In this regard, Butow et al. (2002) examined the response patterns of doctors and the information requested in the oncology department and it was reported that doctors respond more to requests for information on prognosis, treatment etc., rather than requests for emotional support. On the other hand, patients are more likely to request medical information, as they perceive doctors and operators as “busy” and do not consider it appropriate to involve them in their fears and anxieties.
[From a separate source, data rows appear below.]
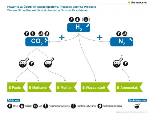 4) synthetisiert. Unter Zuhilfenahme von Strom entstehen in Syntheseprozessen E-Methanol (CHOH) oder andere E-Fuels.
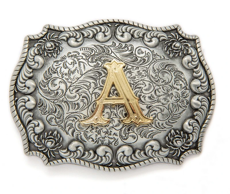 - Personalizar tu cinturón de forma diferente, con la inicial de tu nombre y/o apellido, ya es posible a muy buen precio llevando esta fantástica hebilla de aspecto envejecido con grabados de estilo cowboy y la letra A en relieve dorado.
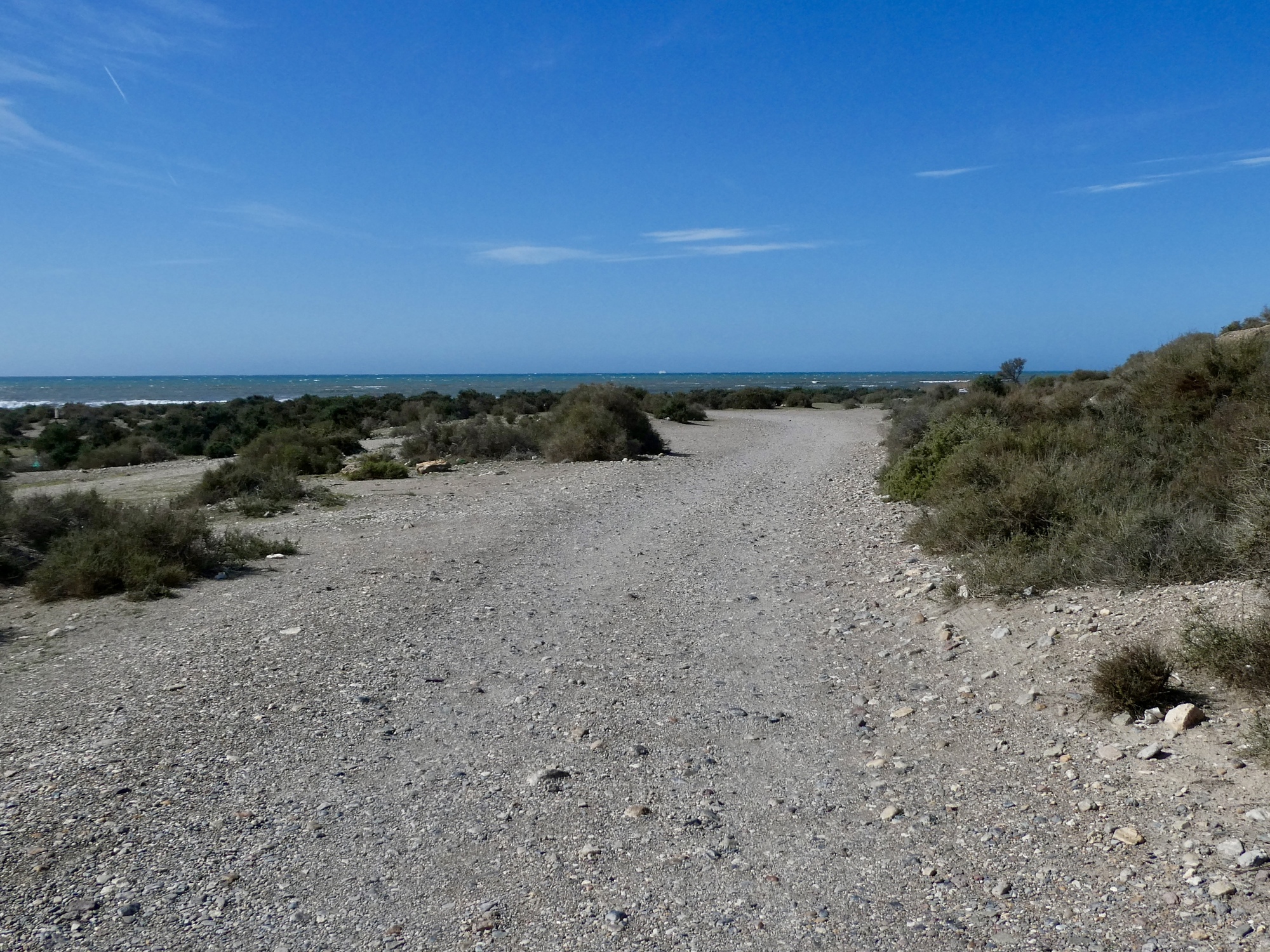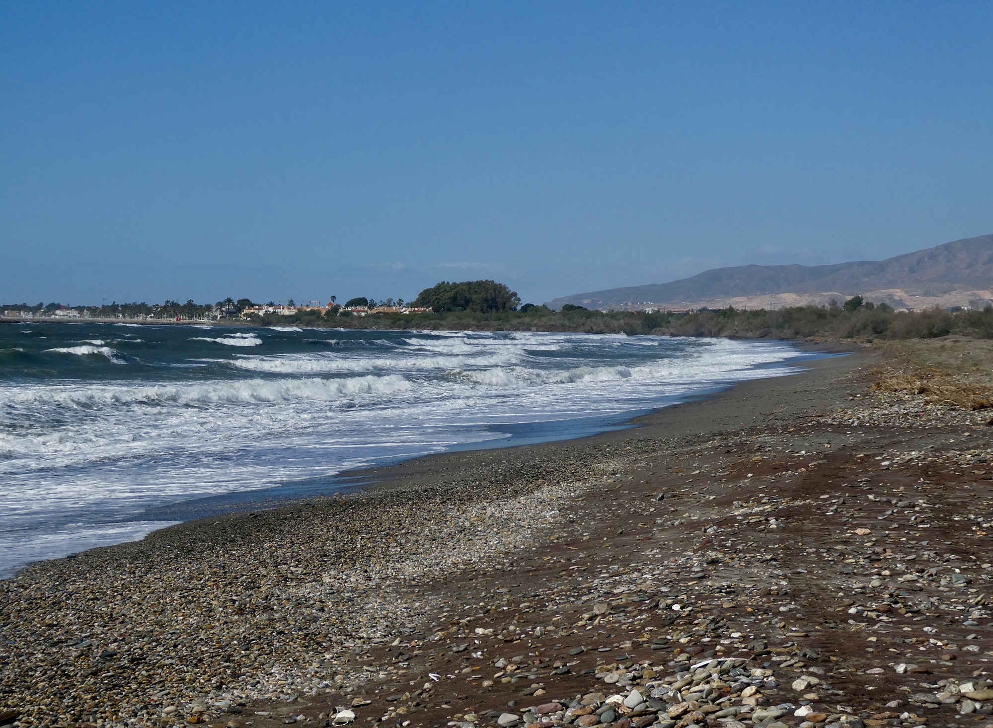I soon reach the beach and enjoy some impressive sea views - east to Cabo de Gato, and west back toward town.
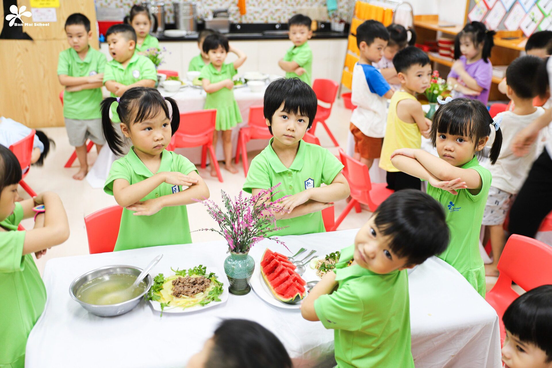 Bên cạnh chế độ dinh dưỡng được xây dựng chuyên biệt cho trẻ ở từng lứa tuổi, những giờ ăn hạnh phúc tại Ban Mai cũng là dịp để BMSers hình thành thói quen và kỹ năng tự phục vụ.
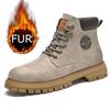 Warm New Plush Fur Winter Man Brand Yellow Outdoor Lace Up Cowboy Boots Leather Motocross Boots Fashion Non-Slip Men Ankle Boots
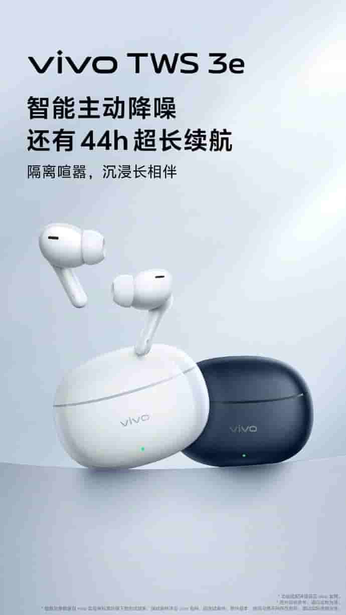 Vivo TWS 3e earbuds will be arriving in two color variants- Blue and White. The earbuds will support intelligent active noise reduction and will offer immersive surround sound quality. The earbuds will arrive with 44-hour-long battery life and support fast charging.
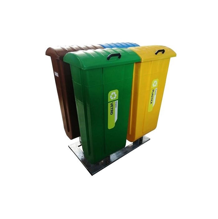 Isola composta da 4 portarifiuti da 65 o 90 litri, sopportata da una base in metallo zincata a caldo, dalle dimensioni di cm 51 × 85 realizzata in tubolare da mm 80 x 20 x 2.
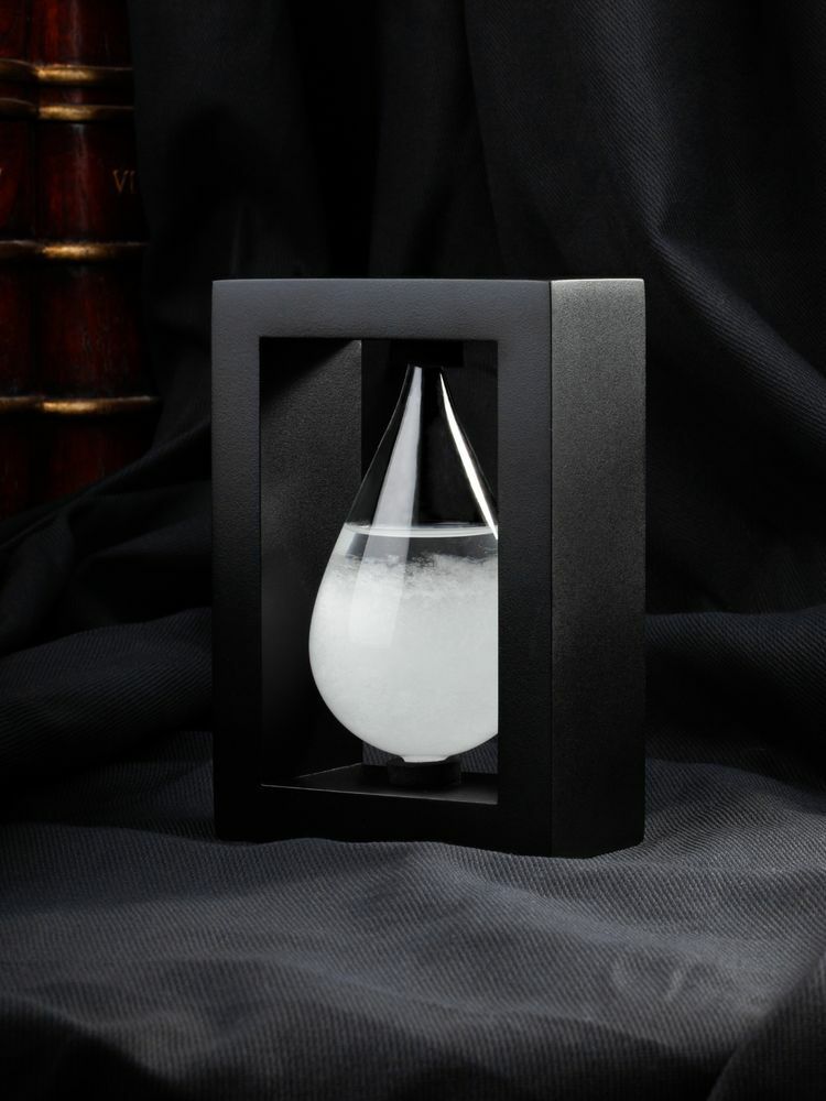 Стеклянная колба наполнена смесью дистиллированной воды, камфоры и этанола. В теории, когда на небо набегают облачка, внутри капсулы тоже происходят изменения. Технология дошла к нам сквозь многие века, и до сих пор нет четкой уверенности, работает ли она верно.
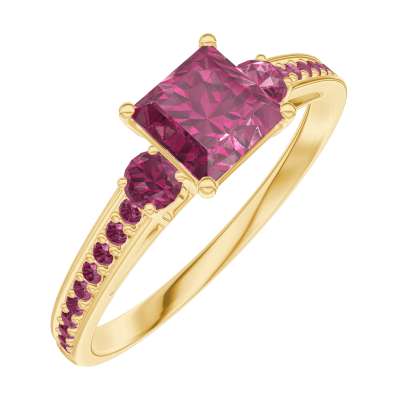 « L'ATELIER » NR. 163150Ring Geelgoud 9 karaat - Robijn Prinses 0.5 Karaat - Aanleunende edelstenen Robijn - Setting Robijn
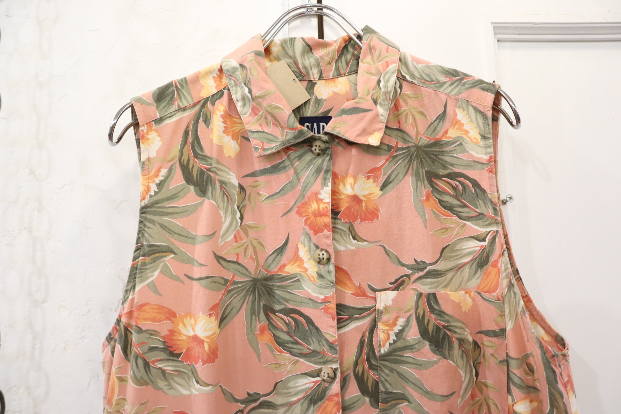 old GAP pink×green×orange flower pattern sleeveless dress [l-4029]
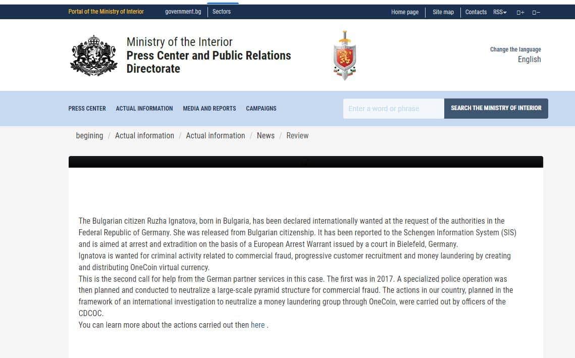 Bereits Mitte April hatten die bulgarischen Behörden darüber berichtet, dass die Staatsanwaltschaft Bielefeld einen internationalen Haftbefehl für Ignatova beantragt habe .
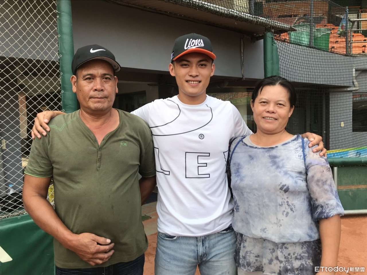 統一獅第9輪新秀投手李慶隆,8日在父母陪同下,向統一獅報到,期待趕快進職棒出賽。
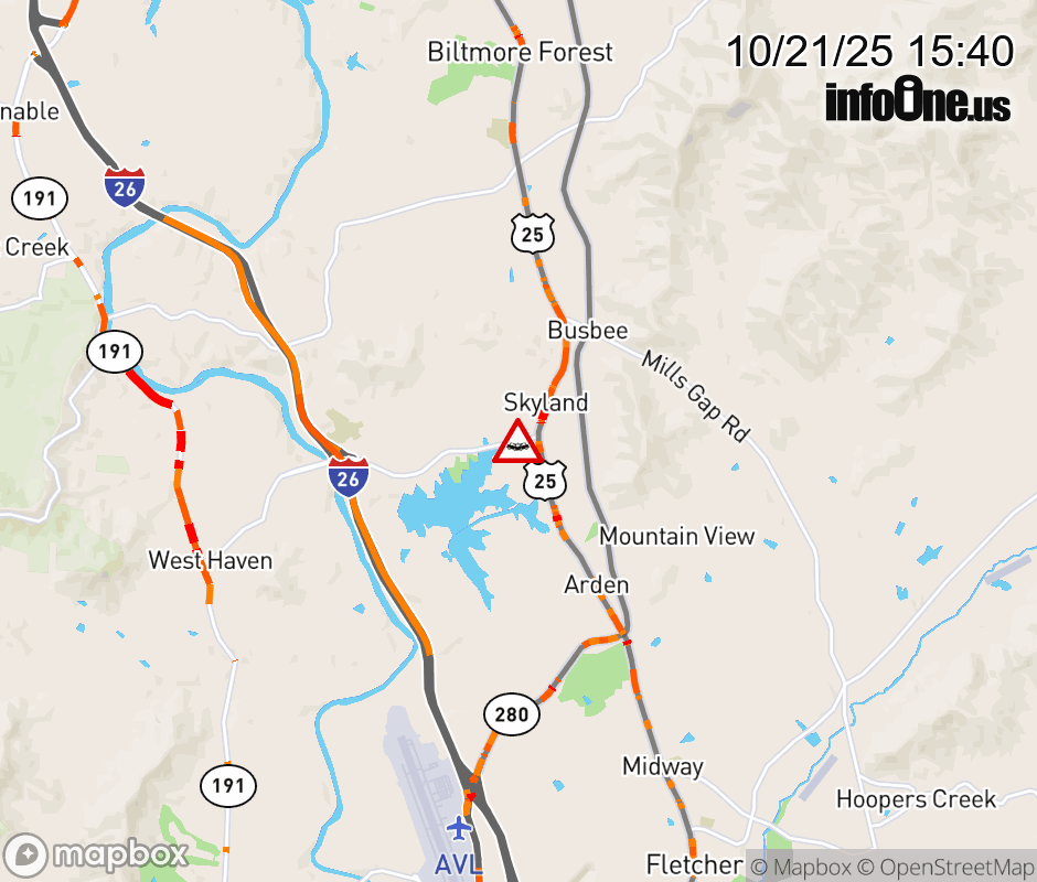 The left lanes are closed near US 25, Hendersonville Rd. ![]() |
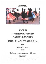 Danses Basques au fronton Chourio, le 31 août à 21h. Groupe AIROSKI

As the authors report

It can therefore be argued that giving information cut out on the person with sensitivity, involving the patient in the treatment and in the decisions so that it has an active role and recognizing the emotional discomfort, are factors that contribute to the reduction of psychopathological morbidity in cancer patients ( Butow et al., 2002).

However, it is necessary to specify that the presence of emotional responses also depends on the ability of the team to bring out the “psychological needs” and to respond congruently to them, underlining the need to sensitize the health personnel towards the distress experienced by the cancer patient; therefore the importance of paying attention to these signals and interpreting the underlying needs of the emotional reactions elicited by the oncological disease in its different phases, as well as in the treatment phases. Working in a biopsychosocial perspective includes giving due weight to the psychological, social and biological variables which, interacting with each other, can contribute to the success of a treatment; being in close interaction these variables it is necessary both to inform the patient about the medical aspects of the disease, both to inform about common feelings, fears and anxieties in the oncological process, ensuring the opportunity to be followed in a psychological path. The emotional aspect of the disease, especially if it is fatal, is increasingly important and worthy of being monitored in order to guarantee an acceptable and satisfactory quality of life experienced by the patient, reiterating the fact that nowadays there is always an more frequent chronicity of the disease (Matarazzo, 1980) and a growing need for coexistence with it.